Thanks all, and cheers Stewart!


----------



## Offset Detailing (May 7, 2007)

BIG_K said:


> Nice turn around, I did a friends mk5 and I must say the end result is worth it, they reflect really well.


The Auto Finesse sealants and waxes give off crazy reflections. In the sunlight it didn't really have a colour - just mad gloss and reflections popping everywhere.


----------



## Steve Saunders (Aug 24, 2006)

Another Edition 30 owner here, huge appreciation for this. Great work mate, Stewart sounds like a very happy man.

I've just taken delivery of some new Auto Finesse ready for a full machine polish this weekend, this was just the inspiration I needed.


----------



## rover220 (Dec 24, 2006)

lovely finish there, not that rare or special a car though!


----------



## Offset Detailing (May 7, 2007)

That's your opinion I guess.


----------



## Offset Detailing (May 7, 2007)

Steve Saunders said:


> Another Edition 30 owner here, huge appreciation for this. Great work mate, Stewart sounds like a very happy man.
> 
> I've just taken delivery of some new Auto Finesse ready for a full machine polish this weekend, this was just the inspiration I needed.


Enjoy working on it!


----------



## Ongoing (Sep 3, 2012)

Lovely example of a ED30, superb finish


----------



## BirdsEye (Jan 30, 2013)

So hard to find one of these in good condition, I've been looking for ages! You've done an amazing job on the paintwork.


----------



## marc147 (Nov 21, 2011)

great work :thumb:


----------



## Mr Yeth (Mar 31, 2011)

rover220 said:


> lovely finish there, not that rare or special a car though!

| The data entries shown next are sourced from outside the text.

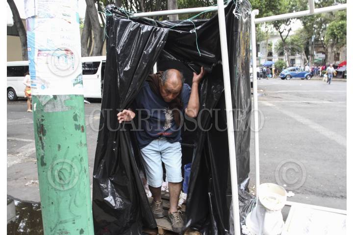 CIUDAD DE MÉXICO, 05JUNIO2016.- Regaderas improvisadas fueron dispuestas por los mismos maestros para su higiene personal. La vida cotidiana de maestros integrantes de la CNTE provenientes de Michoacán, Chiapas y Oaxaca continúa en el plantón establecido en la Plaza de la Ciudadela, a un costado de Av. Bucareli. Por el momento, mencionaron, no llevarán a cabo ninguna moviización, sino que se dedicarán a organizar su agenda de actividades para la próxima semana. FOTO: MARÍA JOSÉ MARTÍNEZ /CUARTOSCURO.COM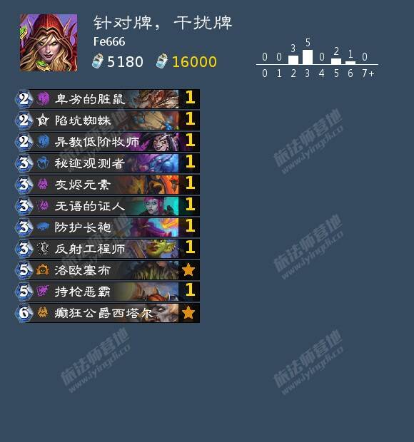 面对otk自闭卡组可采取脏鼠,换手等反击手段,喜欢干扰可带大小塞布持枪恶霸,个人更喜欢带秘迹观测者3费5-5挂2个随机奥秘非常超模还能扰乱对手,以上牌搭配回手多次利用效果更佳,针对特定卡组可以带上陷坑蜘蛛(点燃法,傀儡大师换家德),反射工程师(蛋猎,雷批), 以上牌需要根据所在分段环境选择性投入1-2张,打不过我们就带针对牌,好卡组是应该适应环境去进行调整的,而不是一味抱怨环境。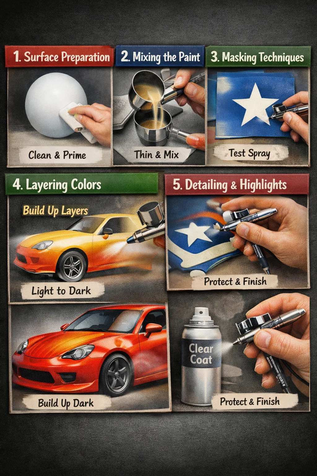 Estos son los pasos principales para completar un aerógrafo pintura: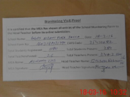 | EMIS Code: 35410082 | Name of School: GGHS NIZAM PURA DACCA | |||
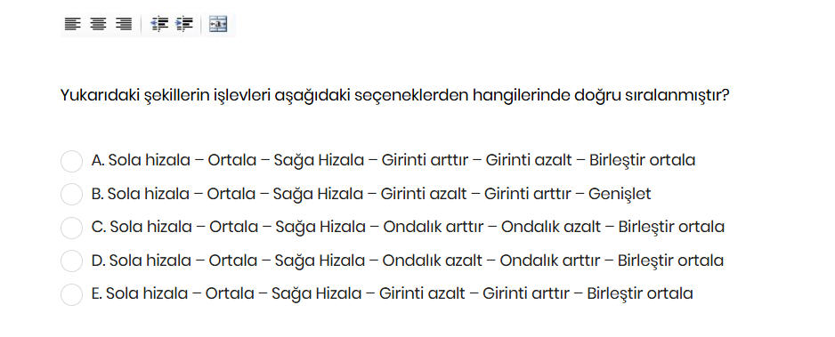 E seçeneği “Sola hizala – Ortala – Sağa hizala – Girinti azalt – Girinti artır – Birleştir ortala” olarak bu sırayı doğru vermiştir.

Coming from a person with a username rover220, I find that hilarious. Why isn't it special because it's not a Ferrari or Lambo in some garious colour. Step to the left and don't clog up someone else's showcase thread.


----------



## alesoft73 (Aug 27, 2012)

Nice job !


----------



## Offset Detailing (May 7, 2007)

alesoft73 said:


> Nice job !


Cheers!


----------



## Offset Detailing (May 7, 2007)

marc147 said:


> great work :thumb:


Cheers Marc!


----------



## Mikeyfocus (Aug 27, 2007)

Looks superb


----------



## rossman (Sep 18, 2012)

Lovely finish on it and seeing what they look like super clean I can't wait to get mine


----------



## Offset Detailing (May 7, 2007)

Yeah they are cool cars!


----------



## nicks16v (Jan 7, 2009)

Ah, very handy, done the road from me and we are VW crazy. Great work.


----------



## Offset Detailing (May 7, 2007)

nicks16v said:


> Ah, very handy, done the road from me and we are VW crazy. Great work.


What do you have Nick?


----------



## luke w (Dec 11, 2012)

Nice work! Can't do it any good living in London!


----------



## Offset Detailing (May 7, 2007)

Ha, cheers Luke.


----------



## Offset Detailing (May 7, 2007)

luke w said:


> Nice work! Can't do it any good living in London!


The Auto Finesse protection works a treat!


----------



## diesel x (Jul 27, 2013)

Great work! Nice reflections


----------



## Offset Detailing (May 7, 2007)

Cheers Diesel!


----------